START Supplied data

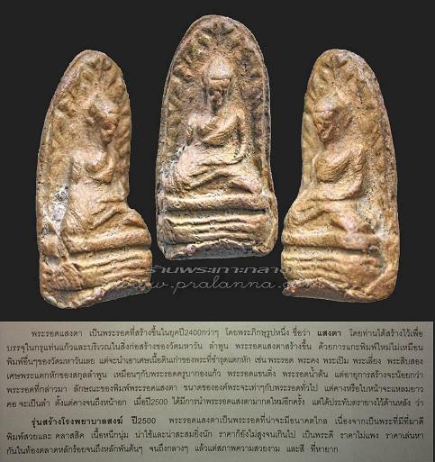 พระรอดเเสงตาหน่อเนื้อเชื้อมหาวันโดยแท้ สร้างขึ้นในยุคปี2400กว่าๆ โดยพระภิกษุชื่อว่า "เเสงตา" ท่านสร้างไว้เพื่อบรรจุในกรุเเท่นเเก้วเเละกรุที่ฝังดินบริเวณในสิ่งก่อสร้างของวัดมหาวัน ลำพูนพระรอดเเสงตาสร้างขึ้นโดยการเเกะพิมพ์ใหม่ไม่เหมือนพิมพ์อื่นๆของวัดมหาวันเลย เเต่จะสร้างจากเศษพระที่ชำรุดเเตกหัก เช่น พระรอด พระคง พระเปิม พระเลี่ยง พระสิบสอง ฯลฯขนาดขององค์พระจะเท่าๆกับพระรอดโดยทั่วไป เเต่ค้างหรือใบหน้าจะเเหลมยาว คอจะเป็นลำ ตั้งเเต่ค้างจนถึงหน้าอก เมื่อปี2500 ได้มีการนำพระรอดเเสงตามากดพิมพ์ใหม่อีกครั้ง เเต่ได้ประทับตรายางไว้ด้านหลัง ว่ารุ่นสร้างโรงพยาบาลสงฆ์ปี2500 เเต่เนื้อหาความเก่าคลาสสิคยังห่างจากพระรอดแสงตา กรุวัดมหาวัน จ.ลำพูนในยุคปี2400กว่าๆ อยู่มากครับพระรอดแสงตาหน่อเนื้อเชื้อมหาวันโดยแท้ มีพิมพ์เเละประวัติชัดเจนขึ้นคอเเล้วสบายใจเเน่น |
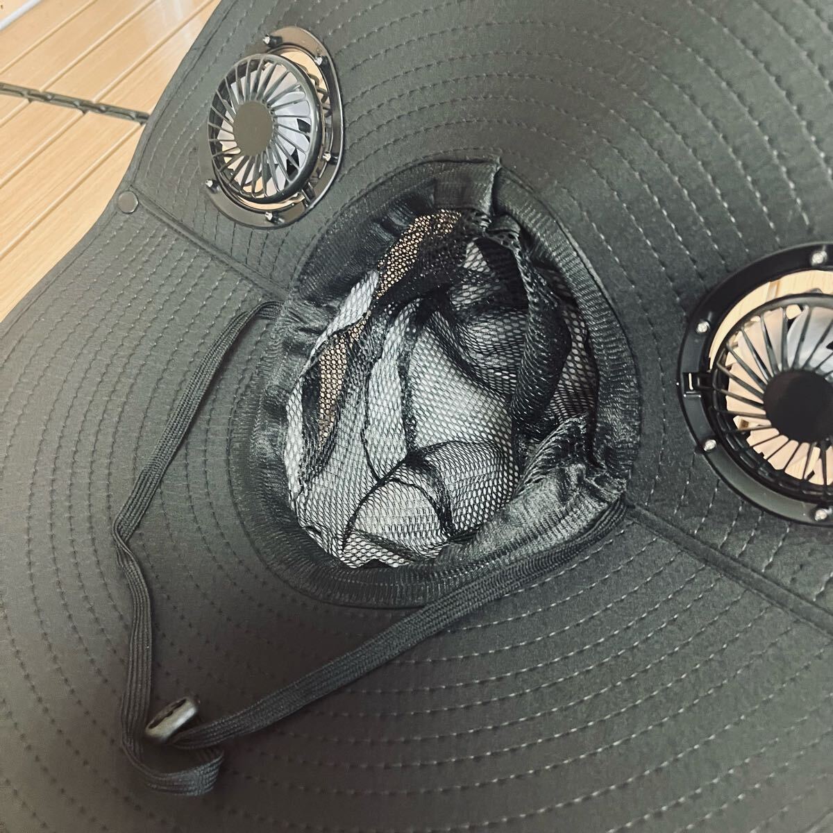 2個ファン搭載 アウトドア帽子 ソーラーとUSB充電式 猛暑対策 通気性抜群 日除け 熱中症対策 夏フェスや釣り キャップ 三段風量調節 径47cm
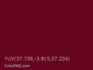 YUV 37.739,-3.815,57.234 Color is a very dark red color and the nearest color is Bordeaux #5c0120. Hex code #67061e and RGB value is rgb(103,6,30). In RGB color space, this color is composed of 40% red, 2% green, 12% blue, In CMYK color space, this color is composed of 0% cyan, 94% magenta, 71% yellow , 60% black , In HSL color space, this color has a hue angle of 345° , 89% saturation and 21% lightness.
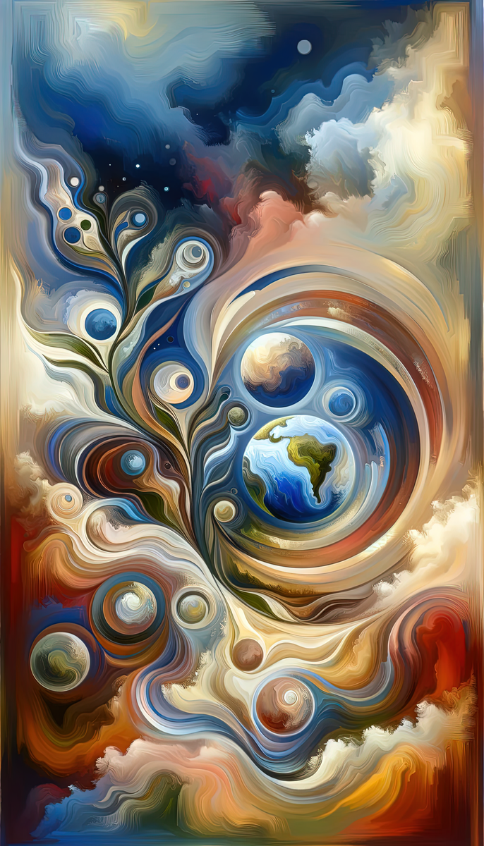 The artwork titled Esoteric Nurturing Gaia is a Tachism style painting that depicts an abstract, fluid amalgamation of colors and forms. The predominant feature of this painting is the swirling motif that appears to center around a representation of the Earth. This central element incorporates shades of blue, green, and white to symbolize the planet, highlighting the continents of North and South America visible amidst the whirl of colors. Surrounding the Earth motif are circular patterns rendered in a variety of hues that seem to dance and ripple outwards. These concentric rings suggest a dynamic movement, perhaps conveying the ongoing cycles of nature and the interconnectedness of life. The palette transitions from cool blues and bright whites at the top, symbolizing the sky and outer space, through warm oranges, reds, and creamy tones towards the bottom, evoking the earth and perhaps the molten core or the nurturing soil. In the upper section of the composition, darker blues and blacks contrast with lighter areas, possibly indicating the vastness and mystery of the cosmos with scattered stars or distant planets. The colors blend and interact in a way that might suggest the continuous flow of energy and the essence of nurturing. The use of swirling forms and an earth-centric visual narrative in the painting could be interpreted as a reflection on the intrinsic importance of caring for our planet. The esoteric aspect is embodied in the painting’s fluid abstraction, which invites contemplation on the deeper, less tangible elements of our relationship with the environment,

END Supplied data

• Work to complete
Ignoring the pictures, write out word for word only the lines from the one containing "YUV 37.739,-3.815,57.234 Color" through the last line of the data, both ends included.

• Exercise solution
 YUV 37.739,-3.815,57.234 Color is a very dark red color and the nearest color is Bordeaux #5c0120. Hex code #67061e and RGB value is rgb(103,6,30). In RGB color space, this color is composed of 40% red, 2% green, 12% blue, In CMYK color space, this color is composed of 0% cyan, 94% magenta, 71% yellow , 60% black , In HSL color space, this color has a hue angle of 345° , 89% saturation and 21% lightness.
 The artwork titled Esoteric Nurturing Gaia is a Tachism style painting that depicts an abstract, fluid amalgamation of colors and forms. The predominant feature of this painting is the swirling motif that appears to center around a representation of the Earth. This central element incorporates shades of blue, green, and white to symbolize the planet, highlighting the continents of North and South America visible amidst the whirl of colors. Surrounding the Earth motif are circular patterns rendered in a variety of hues that seem to dance and ripple outwards. These concentric rings suggest a dynamic movement, perhaps conveying the ongoing cycles of nature and the interconnectedness of life. The palette transitions from cool blues and bright whites at the top, symbolizing the sky and outer space, through warm oranges, reds, and creamy tones towards the bottom, evoking the earth and perhaps the molten core or the nurturing soil. In the upper section of the composition, darker blues and blacks contrast with lighter areas, possibly indicating the vastness and mystery of the cosmos with scattered stars or distant planets. The colors blend and interact in a way that might suggest the continuous flow of energy and the essence of nurturing. The use of swirling forms and an earth-centric visual narrative in the painting could be interpreted as a reflection on the intrinsic importance of caring for our planet. The esoteric aspect is embodied in the painting’s fluid abstraction, which invites contemplation on the deeper, less tangible elements of our relationship with the environment,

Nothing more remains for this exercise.